* WHAT YOU SHOULD DO: Skip pictures in the listing below; copy exactly the lines from the one with "こんなふうにトウモロコシが粒で入ってるパスタは珍しいですね。" through the one with "Entrevista realizada al", inclusive.

* ENTRIES SUPPLIED:
┌──
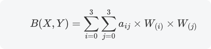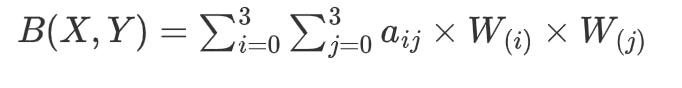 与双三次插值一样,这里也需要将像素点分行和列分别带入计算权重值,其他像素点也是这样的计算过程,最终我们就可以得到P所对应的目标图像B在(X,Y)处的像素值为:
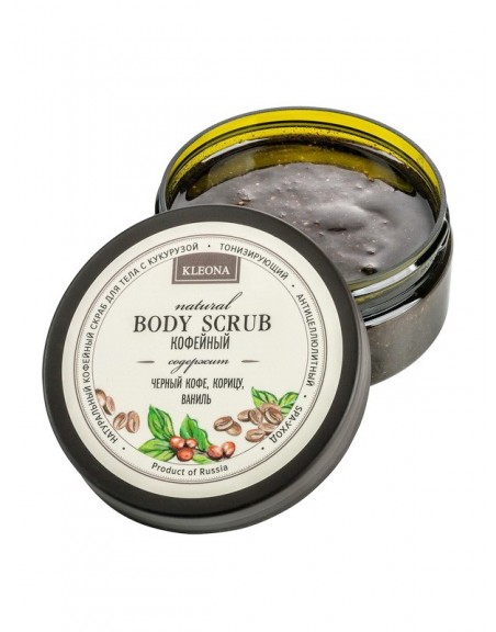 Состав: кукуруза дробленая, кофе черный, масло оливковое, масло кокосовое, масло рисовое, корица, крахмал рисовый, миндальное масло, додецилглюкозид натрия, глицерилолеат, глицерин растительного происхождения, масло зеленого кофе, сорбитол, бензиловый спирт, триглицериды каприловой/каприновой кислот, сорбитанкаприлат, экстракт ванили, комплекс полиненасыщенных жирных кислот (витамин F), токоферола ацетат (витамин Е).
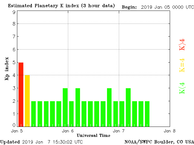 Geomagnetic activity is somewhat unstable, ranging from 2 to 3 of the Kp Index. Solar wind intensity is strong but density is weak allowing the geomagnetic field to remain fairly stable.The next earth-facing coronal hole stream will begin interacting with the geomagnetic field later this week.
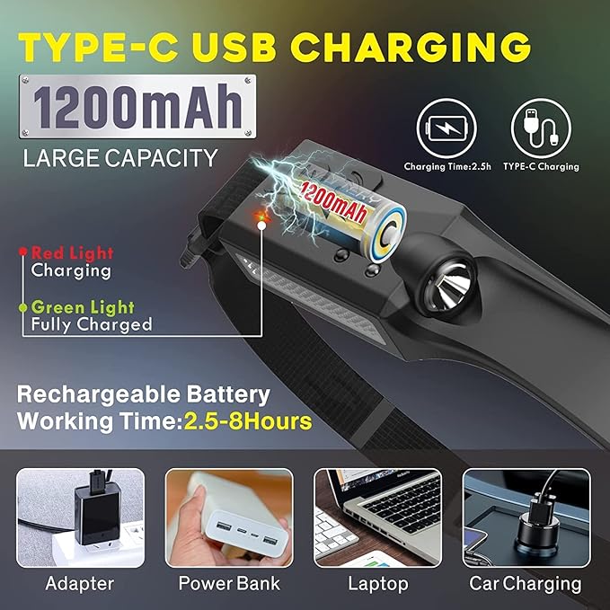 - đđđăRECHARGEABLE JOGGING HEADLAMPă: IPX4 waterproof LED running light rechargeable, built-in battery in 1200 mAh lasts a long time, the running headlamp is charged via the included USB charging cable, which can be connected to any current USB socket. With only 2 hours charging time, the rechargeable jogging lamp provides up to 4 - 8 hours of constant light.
└──
┌──
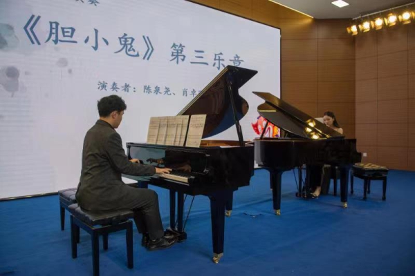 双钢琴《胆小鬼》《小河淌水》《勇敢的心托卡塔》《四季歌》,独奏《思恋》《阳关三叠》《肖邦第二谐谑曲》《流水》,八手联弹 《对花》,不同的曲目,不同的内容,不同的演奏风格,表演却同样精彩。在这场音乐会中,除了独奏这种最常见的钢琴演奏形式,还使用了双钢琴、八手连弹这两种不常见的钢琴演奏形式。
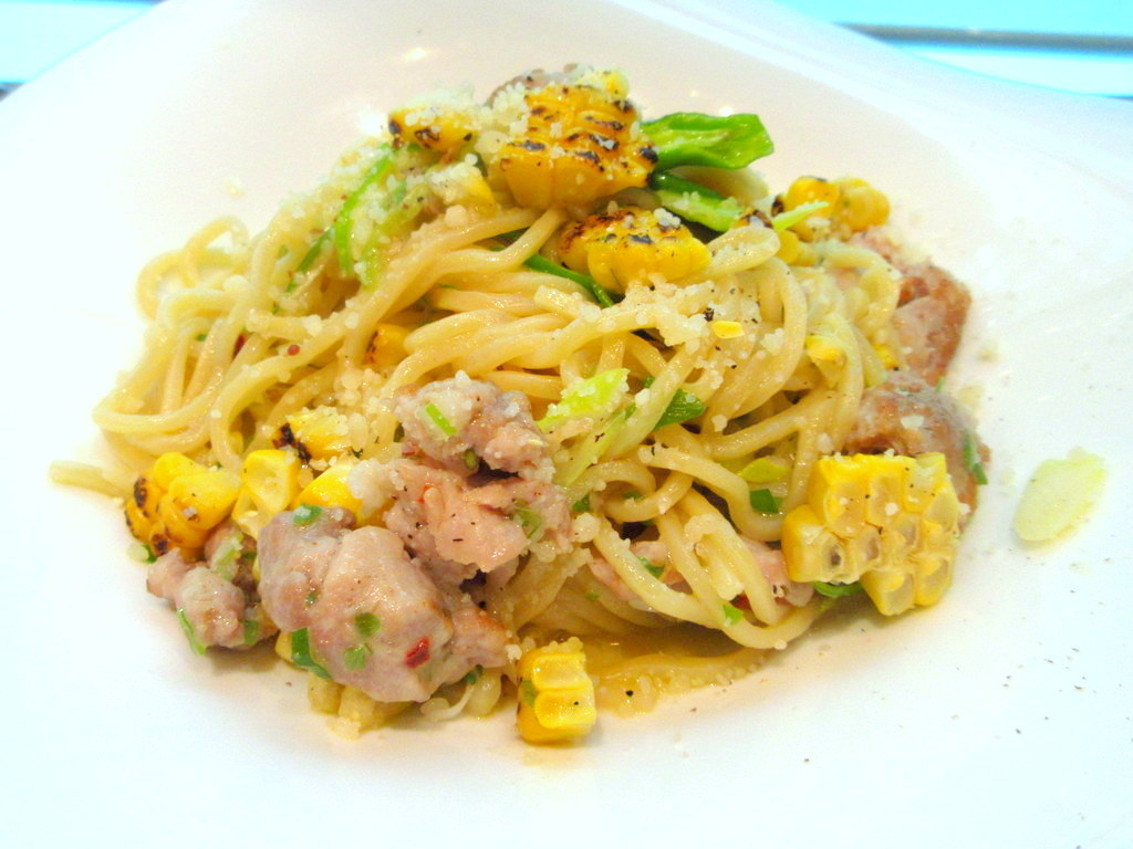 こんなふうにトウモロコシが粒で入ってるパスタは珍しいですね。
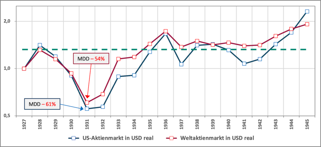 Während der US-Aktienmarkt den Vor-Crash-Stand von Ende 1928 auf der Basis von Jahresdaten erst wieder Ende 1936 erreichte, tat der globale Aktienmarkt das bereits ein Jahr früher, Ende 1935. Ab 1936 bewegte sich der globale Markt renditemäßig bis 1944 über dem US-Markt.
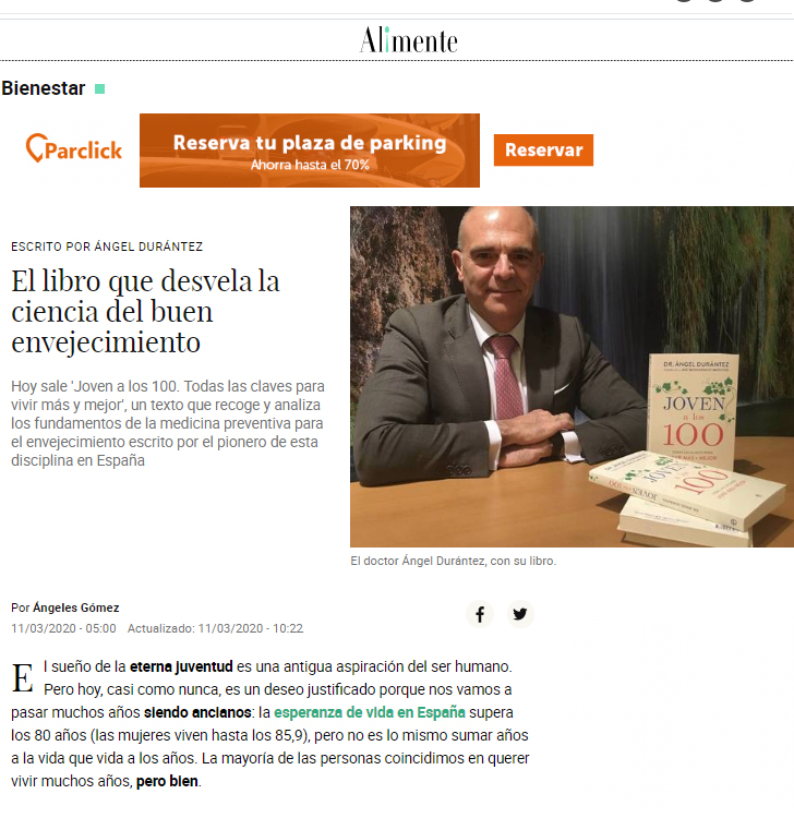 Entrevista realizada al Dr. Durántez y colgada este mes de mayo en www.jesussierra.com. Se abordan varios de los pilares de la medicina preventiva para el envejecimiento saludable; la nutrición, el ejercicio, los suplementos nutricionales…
└──
┌──
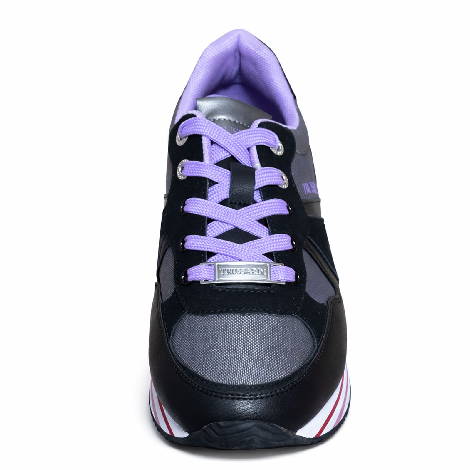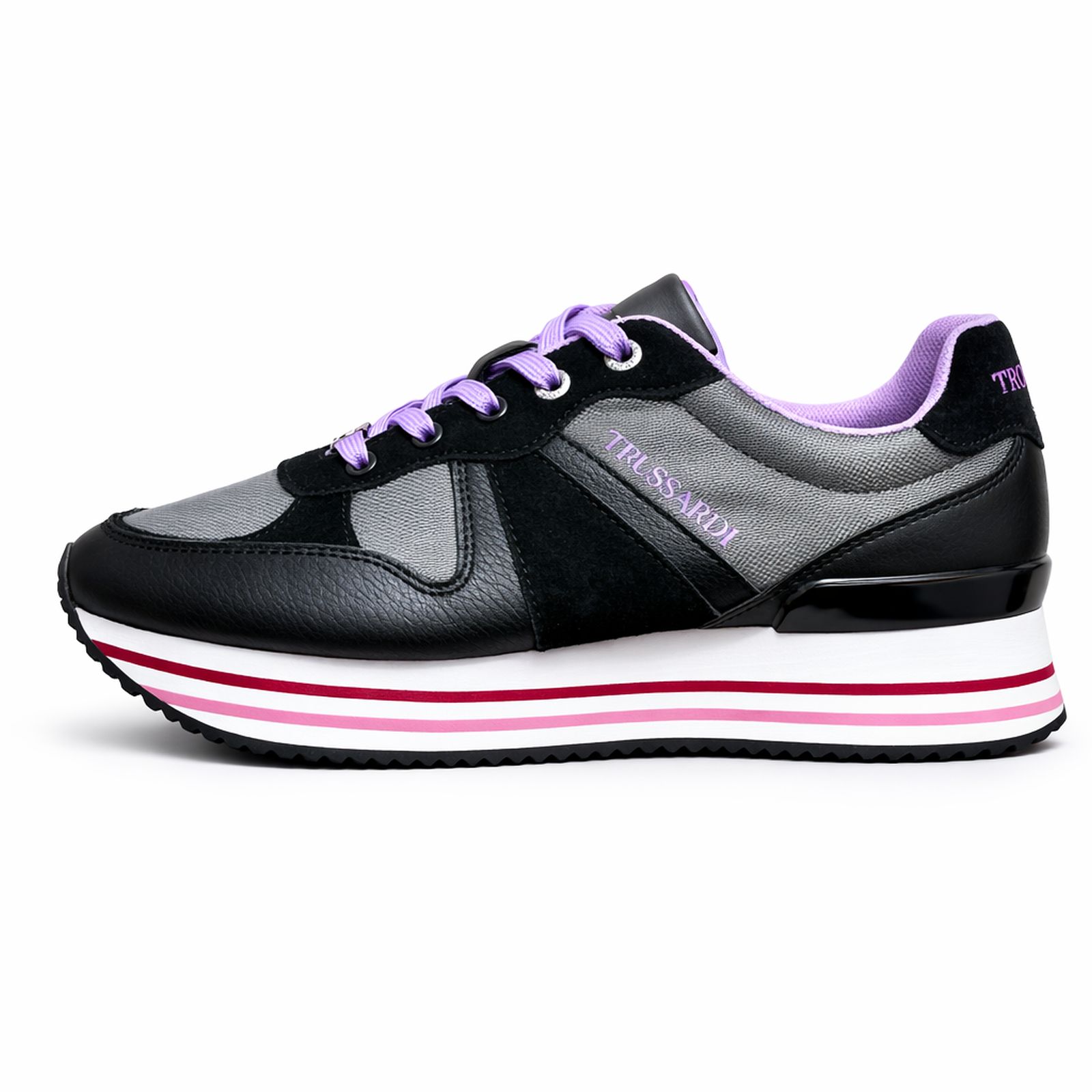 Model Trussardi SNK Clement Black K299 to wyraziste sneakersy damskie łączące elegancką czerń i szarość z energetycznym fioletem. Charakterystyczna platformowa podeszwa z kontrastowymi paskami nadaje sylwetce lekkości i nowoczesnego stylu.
└──
* FINAL ANSWER:
 こんなふうにトウモロコシが粒で入ってるパスタは珍しいですね。
 Während der US-Aktienmarkt den Vor-Crash-Stand von Ende 1928 auf der Basis von Jahresdaten erst wieder Ende 1936 erreichte, tat der globale Aktienmarkt das bereits ein Jahr früher, Ende 1935. Ab 1936 bewegte sich der globale Markt renditemäßig bis 1944 über dem US-Markt.
 Entrevista realizada al Dr. Durántez y colgada este mes de mayo en www.jesussierra.com. Se abordan varios de los pilares de la medicina preventiva para el envejecimiento saludable; la nutrición, el ejercicio, los suplementos nutricionales…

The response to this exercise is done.